Reproduce exactly the lines of the material beneath, from the line that contains "Every Naxiel Frostbite" to the line that contains "функция возрастает там, где", both included, and no other lines.

• EXCERPTED RECORDS:
┄┄┄┄┄┄┄┄┄┄┄┄┄┄┄┄┄┄┄┄

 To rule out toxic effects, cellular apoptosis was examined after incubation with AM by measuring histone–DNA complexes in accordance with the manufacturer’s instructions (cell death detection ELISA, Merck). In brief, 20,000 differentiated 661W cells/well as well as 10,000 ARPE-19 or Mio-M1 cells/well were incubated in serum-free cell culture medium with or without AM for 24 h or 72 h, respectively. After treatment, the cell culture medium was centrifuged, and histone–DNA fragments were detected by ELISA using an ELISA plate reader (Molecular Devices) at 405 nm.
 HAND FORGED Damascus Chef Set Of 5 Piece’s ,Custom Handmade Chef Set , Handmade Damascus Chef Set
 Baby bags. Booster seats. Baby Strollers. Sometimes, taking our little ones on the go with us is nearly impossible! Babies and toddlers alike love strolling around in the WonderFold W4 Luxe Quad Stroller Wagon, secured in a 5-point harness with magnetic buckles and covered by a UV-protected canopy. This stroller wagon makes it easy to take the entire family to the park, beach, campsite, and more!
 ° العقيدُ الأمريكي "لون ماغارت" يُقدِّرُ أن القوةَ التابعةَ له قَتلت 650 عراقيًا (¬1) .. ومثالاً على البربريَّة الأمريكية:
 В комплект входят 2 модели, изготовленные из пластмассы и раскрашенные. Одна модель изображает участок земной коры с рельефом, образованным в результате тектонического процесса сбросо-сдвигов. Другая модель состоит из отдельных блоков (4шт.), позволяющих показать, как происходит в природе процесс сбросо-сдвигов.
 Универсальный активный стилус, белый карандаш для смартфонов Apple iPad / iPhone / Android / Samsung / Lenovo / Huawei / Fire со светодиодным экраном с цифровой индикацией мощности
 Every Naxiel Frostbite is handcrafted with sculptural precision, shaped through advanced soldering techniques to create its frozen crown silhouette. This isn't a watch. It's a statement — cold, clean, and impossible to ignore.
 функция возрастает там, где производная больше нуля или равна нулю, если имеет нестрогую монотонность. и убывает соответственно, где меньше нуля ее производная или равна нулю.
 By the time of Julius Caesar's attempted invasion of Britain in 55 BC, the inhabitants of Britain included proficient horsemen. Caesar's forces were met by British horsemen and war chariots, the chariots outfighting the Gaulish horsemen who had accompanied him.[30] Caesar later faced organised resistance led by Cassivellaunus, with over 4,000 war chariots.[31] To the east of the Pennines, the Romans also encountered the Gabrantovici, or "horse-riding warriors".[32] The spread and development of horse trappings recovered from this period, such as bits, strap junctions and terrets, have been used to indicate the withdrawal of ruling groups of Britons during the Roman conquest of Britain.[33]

┄┄┄┄┄┄┄┄┄┄┄┄┄┄┄┄┄┄┄┄

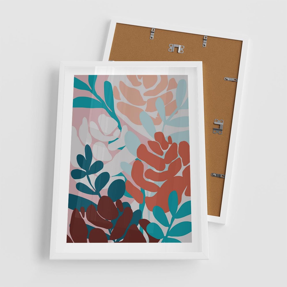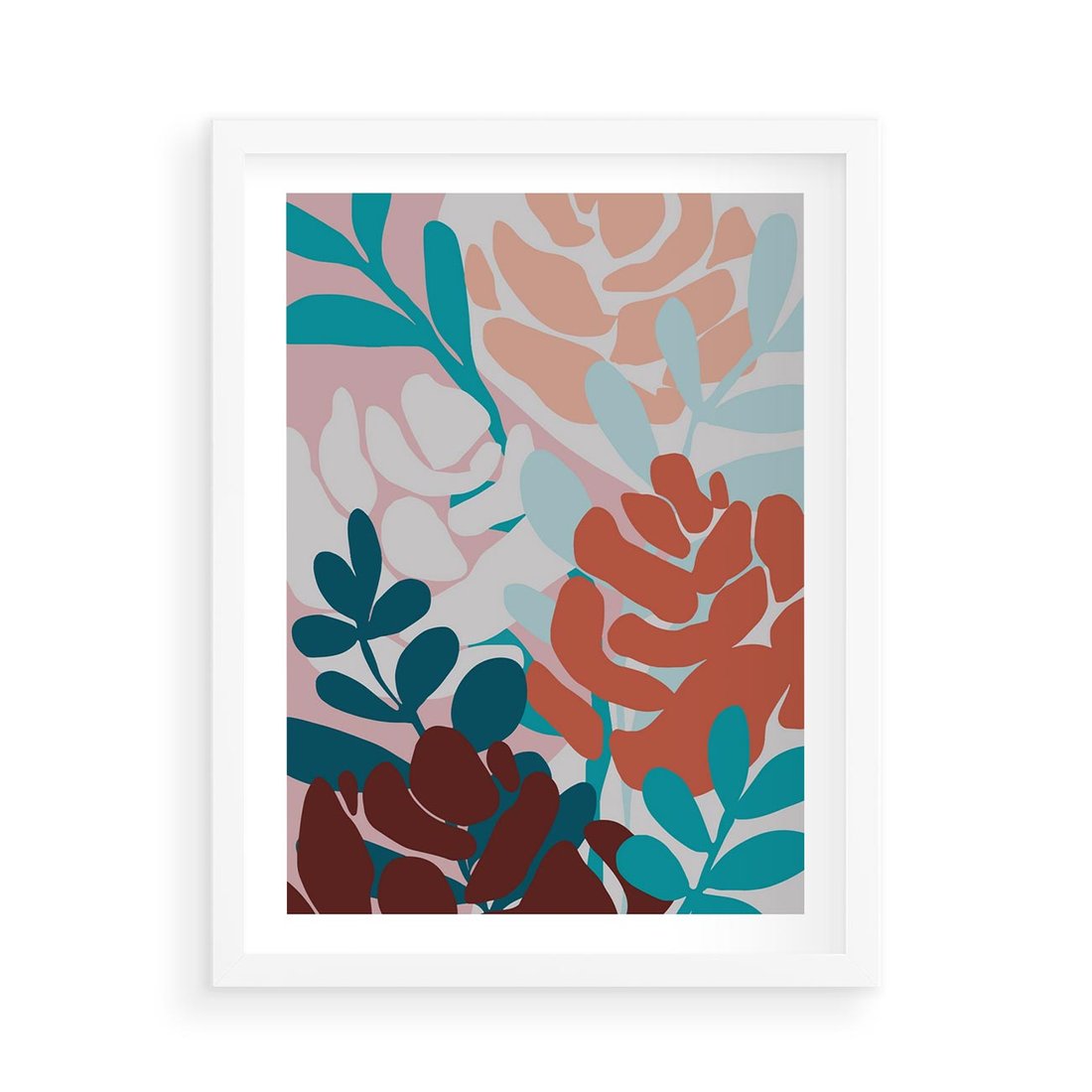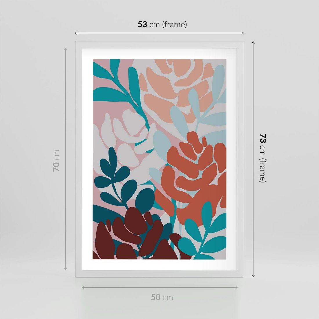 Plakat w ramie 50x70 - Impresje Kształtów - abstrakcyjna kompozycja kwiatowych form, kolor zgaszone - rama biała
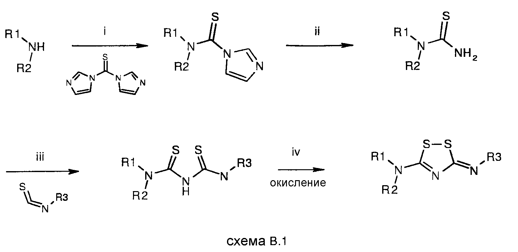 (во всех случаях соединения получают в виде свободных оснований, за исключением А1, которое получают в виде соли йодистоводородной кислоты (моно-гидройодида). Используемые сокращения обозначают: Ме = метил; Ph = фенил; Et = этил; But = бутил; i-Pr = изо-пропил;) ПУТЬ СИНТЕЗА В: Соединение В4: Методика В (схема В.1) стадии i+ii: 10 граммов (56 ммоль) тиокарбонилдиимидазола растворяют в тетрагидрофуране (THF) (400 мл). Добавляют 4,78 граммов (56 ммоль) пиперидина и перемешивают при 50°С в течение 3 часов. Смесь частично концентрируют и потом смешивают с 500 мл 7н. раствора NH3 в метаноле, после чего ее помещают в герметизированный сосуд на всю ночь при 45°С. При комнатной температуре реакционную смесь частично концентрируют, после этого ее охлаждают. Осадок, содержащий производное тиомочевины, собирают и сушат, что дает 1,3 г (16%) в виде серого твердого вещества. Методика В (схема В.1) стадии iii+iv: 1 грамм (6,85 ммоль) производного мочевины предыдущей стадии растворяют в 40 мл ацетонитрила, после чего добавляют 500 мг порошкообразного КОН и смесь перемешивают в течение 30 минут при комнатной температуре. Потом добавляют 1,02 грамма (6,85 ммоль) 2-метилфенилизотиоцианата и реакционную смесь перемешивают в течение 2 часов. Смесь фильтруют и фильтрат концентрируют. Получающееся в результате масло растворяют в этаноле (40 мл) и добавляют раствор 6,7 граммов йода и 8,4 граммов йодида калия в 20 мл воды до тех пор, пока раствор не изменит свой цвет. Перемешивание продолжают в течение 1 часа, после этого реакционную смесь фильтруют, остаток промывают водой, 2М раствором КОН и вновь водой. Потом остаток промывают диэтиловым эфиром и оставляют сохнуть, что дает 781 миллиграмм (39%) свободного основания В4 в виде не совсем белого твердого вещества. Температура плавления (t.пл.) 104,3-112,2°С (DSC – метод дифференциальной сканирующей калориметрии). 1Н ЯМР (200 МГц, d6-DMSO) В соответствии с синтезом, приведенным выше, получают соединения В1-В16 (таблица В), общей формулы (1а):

┄┄┄┄┄┄┄┄┄┄┄┄┄┄┄┄┄┄┄┄

• RESULT:
 Every Naxiel Frostbite is handcrafted with sculptural precision, shaped through advanced soldering techniques to create its frozen crown silhouette. This isn't a watch. It's a statement — cold, clean, and impossible to ignore.
 функция возрастает там, где производная больше нуля или равна нулю, если имеет нестрогую монотонность. и убывает соответственно, где меньше нуля ее производная или равна нулю.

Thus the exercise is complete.